ORS 743.019
Procedure for review of proposed rates for health benefit plans
- rules
(1)
When an insurer files a schedule or table of premium rates for individual or small employer health benefit plans under ORS 743.018 (Filing of rates for life and health insurance), the Department of Consumer and Business Services shall open a 30-day public comment period on the rate filing that begins on the date the insurer files the schedule or table of premium rates. The department shall post all of the comments received to the department’s website without delay.(2)
After the close of the public comment period described in subsection (1) of this section, the department shall issue a preliminary decision to approve, disapprove or modify a rate filing. The department shall notify the insurer of, and make available to the public, the preliminary decision, including:(a)
An explanation of the findings and rationale that are the basis for the preliminary decision; and(b)
Any actuarial or other analyses, calculations or evaluations relied upon by the department in arriving at the preliminary decision.(3)
The department shall provide the insurer or any person adversely affected or aggrieved by the preliminary decision the opportunity to meet with the department to discuss and respond to the preliminary decision. However, an insurer or other person may not substitute new facts or data for the facts or data submitted by the insurer in the filing. The meeting shall:(a)
Include a department employee who reviewed the rate filing; and(b)
Comply with the requirements of ORS 192.610 (Definitions for ORS 192.610 to 192.690) to 192.690 (Exceptions to ORS 192.610 to 192.690).(4)
Intentionally left blank —Ed.(a)
The department shall issue a proposed order, no later than 30 days after the department issues a preliminary decision under subsection (2) of this section, to approve, disapprove or modify the rate filing based on the information submitted during the public comment period.(b)
In issuing the proposed order, the department may not consider new facts or data that are offered as a substitute for the facts or data submitted by the insurer in the filing.(c)
The department shall mail the proposed order to the insurer and post the proposed order to the department’s website.(d)
The proposed order must include:(A)
An explanation of the findings and rationale that are the basis for the proposed order, including any actuarial or other analyses, calculations or evaluations relied upon by the department in its findings or rationale; and(B)
Notice of the right of the insurer or any person adversely affected or aggrieved by the proposed order to request a review by the Director of the Department of Consumer and Business Services, in accordance with subsection (6) of this section, no later than 10 days after the date that the proposed order was issued.(5)
If the insurer or person adversely affected or aggrieved by the proposed order does not timely request a review of the proposed order by the director, the director shall issue a final order as described in subsection (6)(d) of this section.(6)

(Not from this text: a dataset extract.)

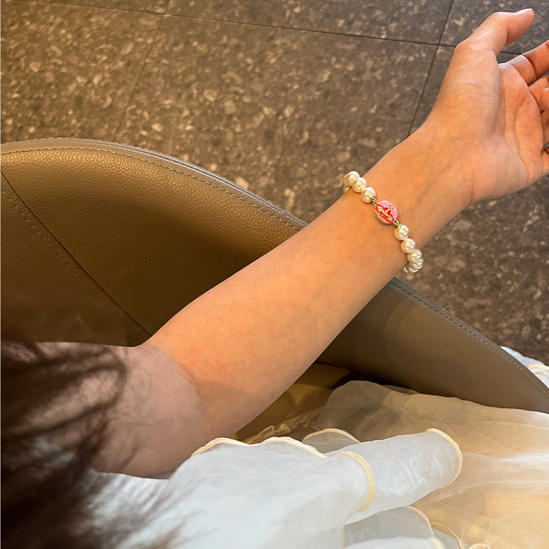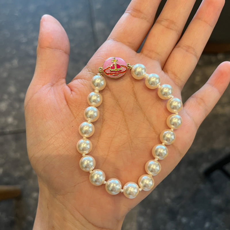 Queen Mother West color enamel clasp pearl bracelet new magnetic clasp bracelet magnetic enamel Saturn pearl bracelet

If the insurer or a person adversely affected or aggrieved by the proposed order timely requests a review by the director of the proposed order:(a)
The requester may not substitute new facts or data for the facts and data that were submitted by the insurer in the filing, but may provide a brief, memorandum or analysis based on the evidence contained in the filing or received and considered by the department during the public comment period;(b)

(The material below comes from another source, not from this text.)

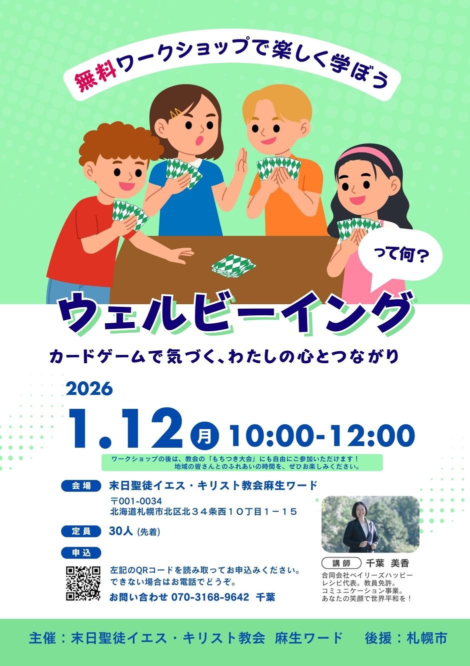 | 場所 | 末日聖徒イエス・キリスト教会 麻生ワード 〒001-0034 北海道札幌市北区北34条西10丁目1−15 |

The director may not delegate the decision-making authority for the request for review to any other individual;(c)
The director shall issue a final order no later than 30 days after the request for review is received by the director; and(d)
The final order shall include:(A)
An explanation of the findings and rationale that are the basis for the final order; and(B)
Notice of the right to a contested case hearing in accordance with ORS chapter 183.(7)
Intentionally left blank —Ed.(a)
If, following the issuance of a final order under subsection (6)(c) of this section but before the effective date of the premium rates approved by the final order, an event occurs that materially affects the director’s decision to approve the rates, the director may open a new public comment period for a period of time that the director determines is necessary to receive comments concerning the event. Based upon the event and the public comments received, the director shall affirm the final order by providing a written explanation of the basis for affirming the final order or issue a new proposed order, as described in subsection (4) of this section.(b)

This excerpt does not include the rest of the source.